Его современник, английский дипломат сэр Уильям Темпл считал, что голландцы такие приземленные, а их непритязательное искусство – не больше, чем просто имитация, по причине холодного и промозглого воздуха. Критика голландского искусства с удивительной частотой обращается к климату: плохая погода, никудышные картины. Но даже сегодня я слышу, как кураторы презрительно отзываются о нем как о чем-то низкопробном, об искусстве, посвященном только скоту, тележным колесам и грязи, крестьянам и еде, об искусстве, в котором слишком много цветов и бескрайнего неба.
Для них, может быть, и слишком много, но меня все устраивает. Я никак не пресыщусь голландской живописью. Вы можете обратиться к другому миру (а картины – это действительно другой мир, целое общество, воссозданное во времени и пространстве, временах года и поколениях, миг за мигом) и погрузиться одновременно в него и в собственные мысли. Они возникают снова и снова, будто из неиссякаемого источника. Всякий раз, когда я думаю, что больше не увижу никаких новых для себя голландских картин, словно из ниоткуда появляется очередная работа – в старинном музее или уединенном городке. Однажды я нашла голландский натюрморт с красной смородиной, сверкающей на серебряном блюде, и тут же очутилась в Делфте из далекого прошлого. Картины могут перенести вас куда угодно, но в то же время они сами по себе – страна, общество, место, где вы найдете пристанище.
Особенно остро я это ощущаю при взгляде на картины Герарда Терборха, психологизм которых затмевает мастерство, с которым передан белый атлас. Его работы разбросаны по галереям всего мира, и всякий раз, когда я нахожу их, у меня возникает чувство, будто я вернулась домой.

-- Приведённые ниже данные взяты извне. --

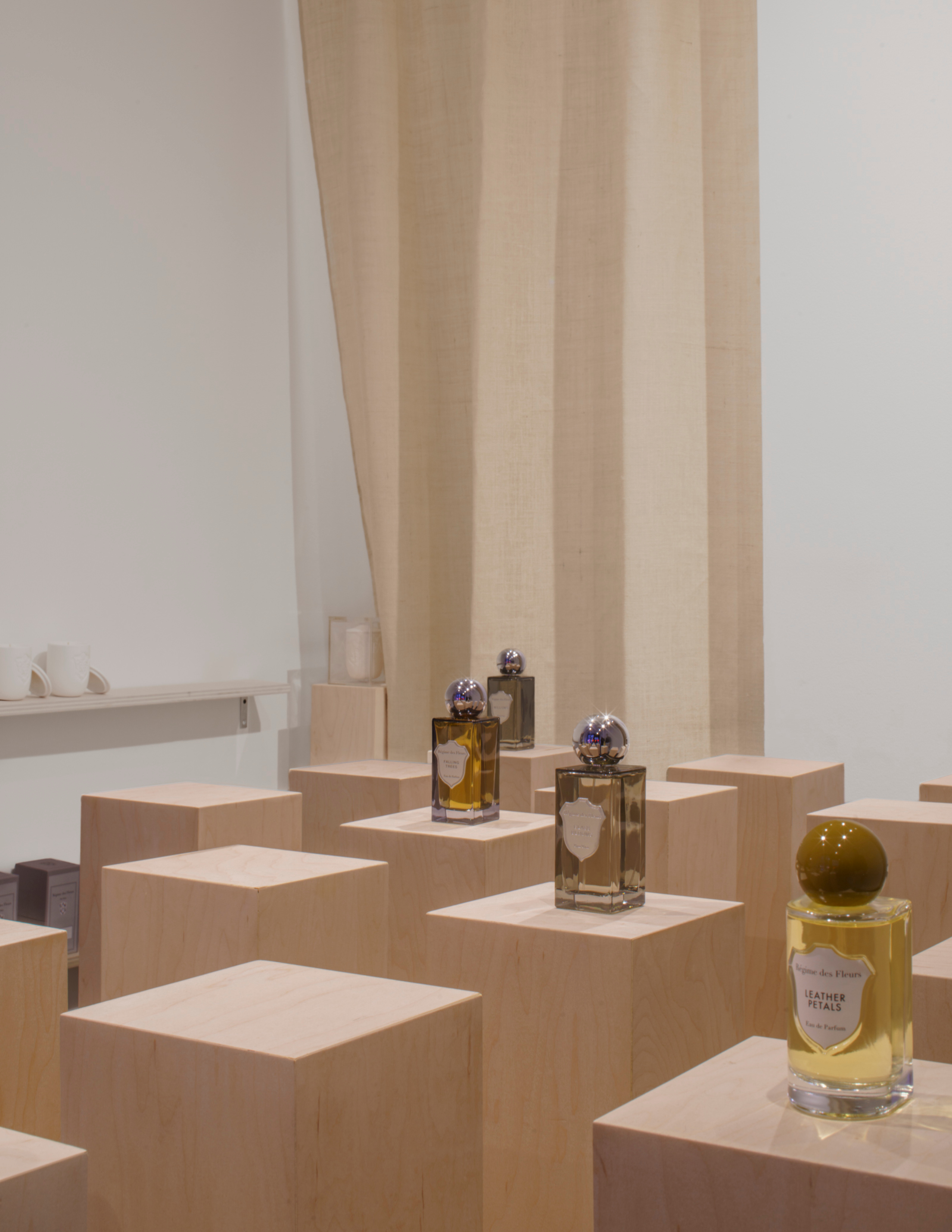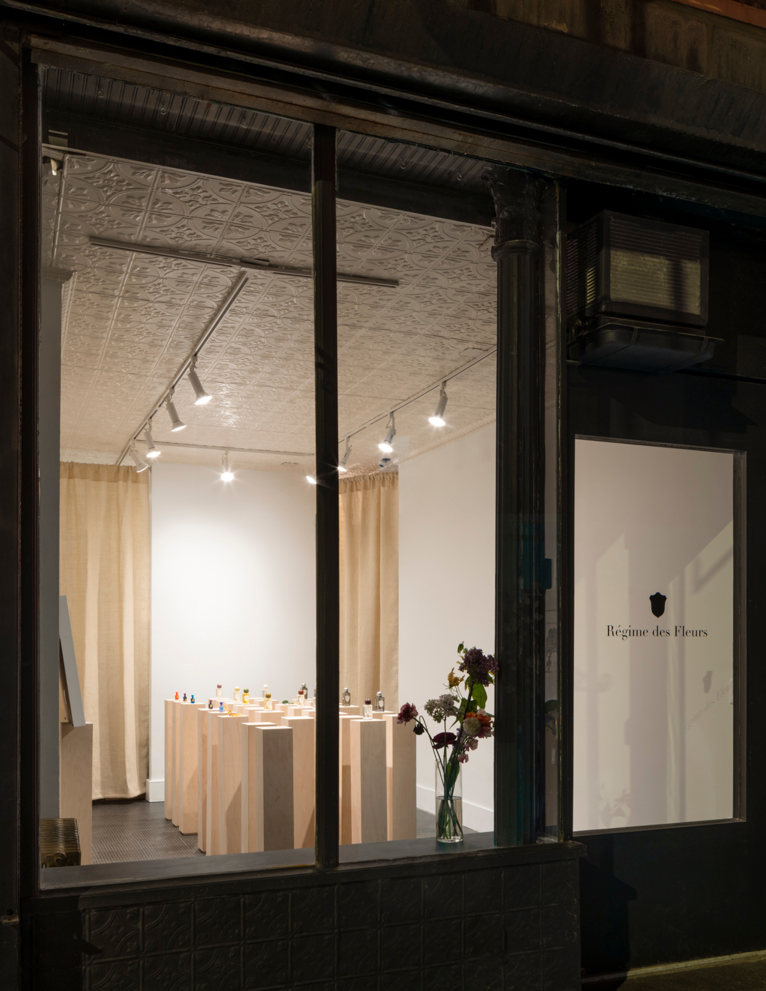 In an ongoing collaboration with Regime des Fleurs, we designed a short-term pop-up shop that could be installed in an hour while giving the brand the opportunity to stage infinite arrangements of small objects over 36 plinths arrayed in a grid.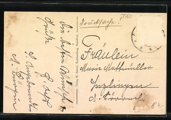 Personenbezogene Daten auf der Rückseite der Karte wurden durch blauen Textmarker unkenntlich gemacht. Die blauen Stellen sind auf die Vorderseite durchgeweicht und wirken sich negativ auf das Postkartenfoto aus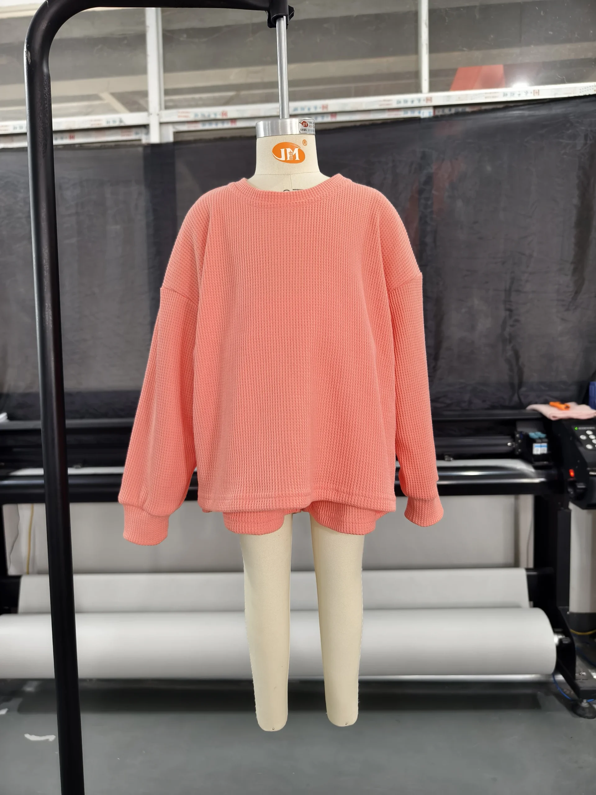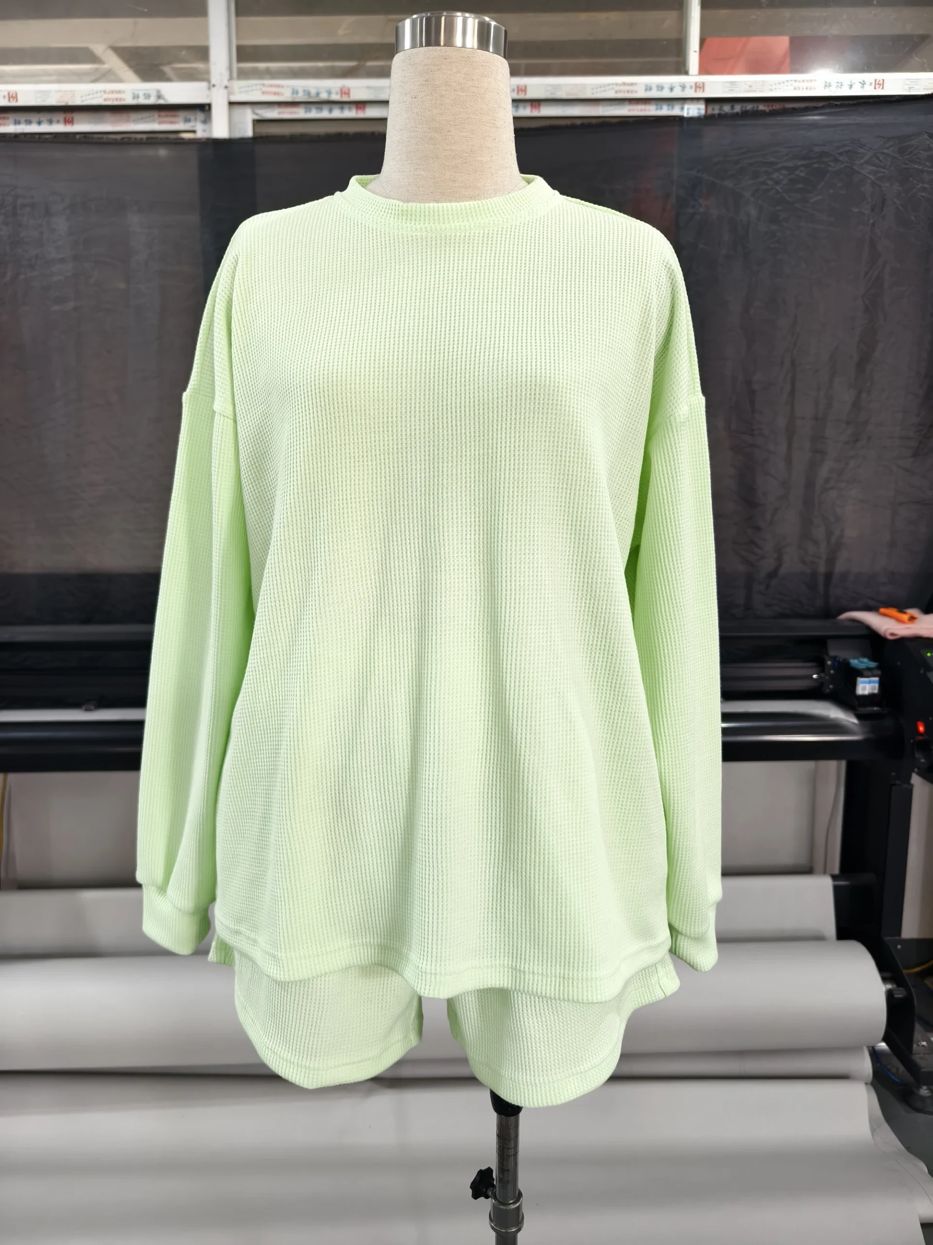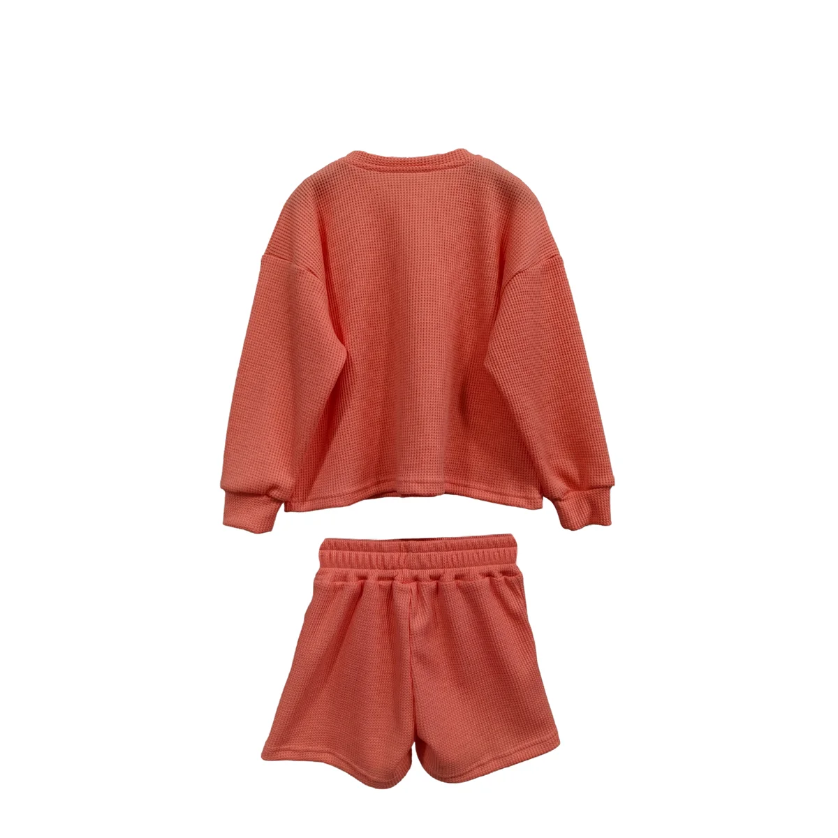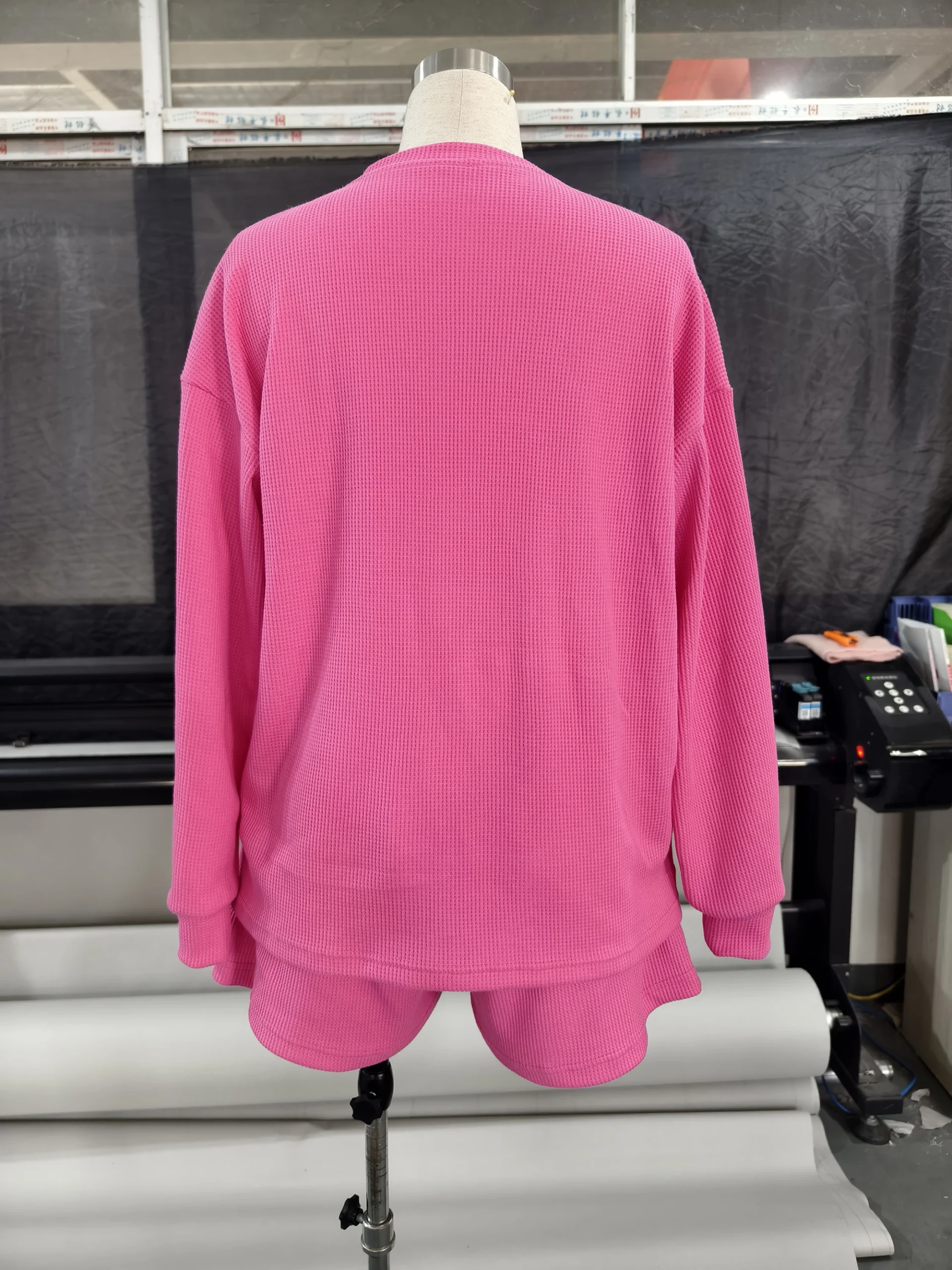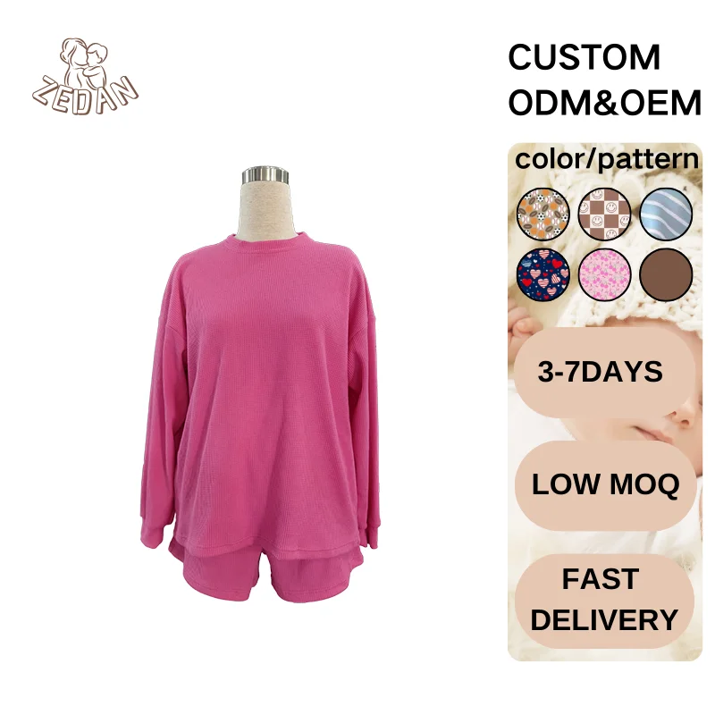 Spring Cozy Days Mommy and Me Waffle Set Solid Color Long Sleeve T-shirt and Short 2pcs Casual Outdoor Set

Отчасти оно объясняется тем, что его модели часто повторяются и зритель даже начинает их узнавать. Они воспринимаются почти как семья, и действительно, главной героиней многих сюжетов стала старшая сестра Герарда, блистательная Гезина.
Вот молодая женщина сидит перед зеркалом, как к ней подходит горничная, спеша сообщить какие-то поразительные новости, от которых могут зависеть ее последующие действия. Она пока погружена в себя, но уже начала осознавать, что именно ей сейчас сказали, как можно судить по выражению лица в отражении. Слугу, держащего зеркало, изображает Мозес, младший из братьев и сестер Терборх. Отвернутая голова, отражение в зеркале, вид Гезины одновременно спереди и со спины – это все было неслыханным новшеством. На другой картине она задумчиво вертит кольцо в руках, на лице промелькнула тревога. А вот она сидит, зажав в руке письмо, в котором написано что-то такое, из-за чего она совершенно забыла о мире вокруг нее. Без этих интимных сцен не было бы и Вермеера, который знал Терборха лично – как человека и художника.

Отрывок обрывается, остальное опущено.